» Exercise instructions: All of the data should be copied exactly, with the pictures left out.

*** Opening of Collected data ***

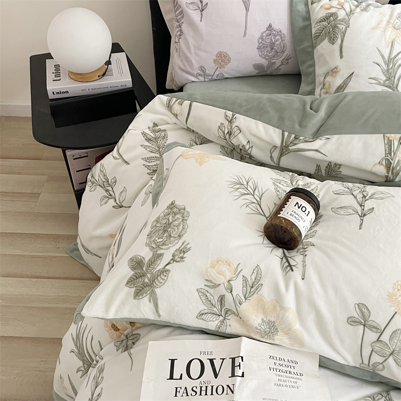商品名称:榻尚家居 2023秋冬新品高克重230克洛克绒四件套-铃兰物语 铃兰物语-绿
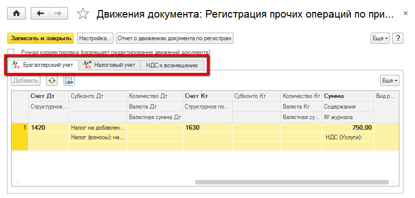 При проведении документа Регистрация прочих операций по приобретенным товарам (работам, услугам) в целях НДС формируются проводки по счетам учета и движения в регистр накопления «НДС к возмещению».
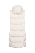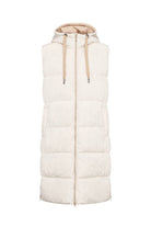 Featuring a stylish diagonal quilt and a hood finished with a draw string tightener. In a versatile cream, the Nina gilet also has a soft sand coloured lining.
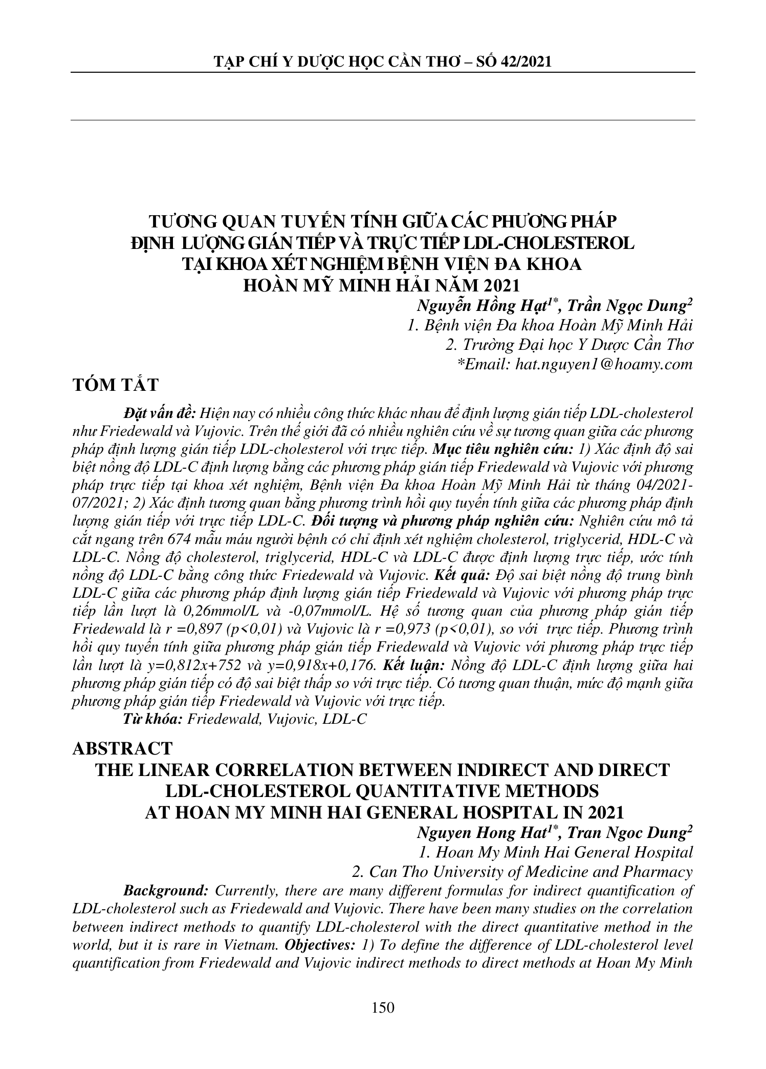Currently, there are many different formulas for indirect quantification of LDL-cholesterol such as Friedewald and Vujovic. There have been many studies on the correlation between indirect methods to quantify LDL-cholesterol with the direct quantitative method in the world, but it is rare in Vietnam. Objectives: 1) To define the difference of LDL-cholesterol level quantification from Friedewald and Vujovic indirect methods to direct methods at Hoan My Minh Hai General Hospital in 04/2021-07/2021. 2) To define the linear correlate regression of LDLcholesterol level quantification from Friedewald and Vujovic indirect methods to direct method LDL-C. Materials and methods: A cross-sectional descriptive study was carried out of 674 blood samples in patients indicated for cholesterol, triglycerides, HDL-C and LDL-C. The level of cholesterol, triglycerides, HDL-C and LDL-C were quantified by direct method, by the way, the LDL-cholesterol level was calculated by Friedewald and Vujovic indirect methods. Results: The difference of mean LDL-C from Friedewald (Mean LDLdiff (PPTT-Fiedewald)) and Vujovic indirect methods (Mean LDLdiff (PPTT-Vujovic)) to direct method, respectively were 0.26mmol/L and - 0.07mmol/L. Correlation coefficients of Friedewald indirect method was r=0.897 (p<0.01) and Vujovic indirect method was r=0.937 (p<0.01), compared with direct method. The linear logistic regression equation between indirect methods and with direct is y=0.812x+752 of Friedewald and is y=0.918x+0.176 of Vujovic. Conclusion: There is a low difference of LDL-C concentration and a positive and strong linear regression correlation between the Friedewald and Vujovic indirect quantitative methods with the direct quantitative method.

*** Close of Collected data ***

» Task result:
商品名称:榻尚家居 2023秋冬新品高克重230克洛克绒四件套-铃兰物语 铃兰物语-绿
 При проведении документа Регистрация прочих операций по приобретенным товарам (работам, услугам) в целях НДС формируются проводки по счетам учета и движения в регистр накопления «НДС к возмещению».
 Featuring a stylish diagonal quilt and a hood finished with a draw string tightener. In a versatile cream, the Nina gilet also has a soft sand coloured lining.
Currently, there are many different formulas for indirect quantification of LDL-cholesterol such as Friedewald and Vujovic. There have been many studies on the correlation between indirect methods to quantify LDL-cholesterol with the direct quantitative method in the world, but it is rare in Vietnam. Objectives: 1) To define the difference of LDL-cholesterol level quantification from Friedewald and Vujovic indirect methods to direct methods at Hoan My Minh Hai General Hospital in 04/2021-07/2021. 2) To define the linear correlate regression of LDLcholesterol level quantification from Friedewald and Vujovic indirect methods to direct method LDL-C. Materials and methods: A cross-sectional descriptive study was carried out of 674 blood samples in patients indicated for cholesterol, triglycerides, HDL-C and LDL-C. The level of cholesterol, triglycerides, HDL-C and LDL-C were quantified by direct method, by the way, the LDL-cholesterol level was calculated by Friedewald and Vujovic indirect methods. Results: The difference of mean LDL-C from Friedewald (Mean LDLdiff (PPTT-Fiedewald)) and Vujovic indirect methods (Mean LDLdiff (PPTT-Vujovic)) to direct method, respectively were 0.26mmol/L and - 0.07mmol/L. Correlation coefficients of Friedewald indirect method was r=0.897 (p<0.01) and Vujovic indirect method was r=0.937 (p<0.01), compared with direct method. The linear logistic regression equation between indirect methods and with direct is y=0.812x+752 of Friedewald and is y=0.918x+0.176 of Vujovic. Conclusion: There is a low difference of LDL-C concentration and a positive and strong linear regression correlation between the Friedewald and Vujovic indirect quantitative methods with the direct quantitative method.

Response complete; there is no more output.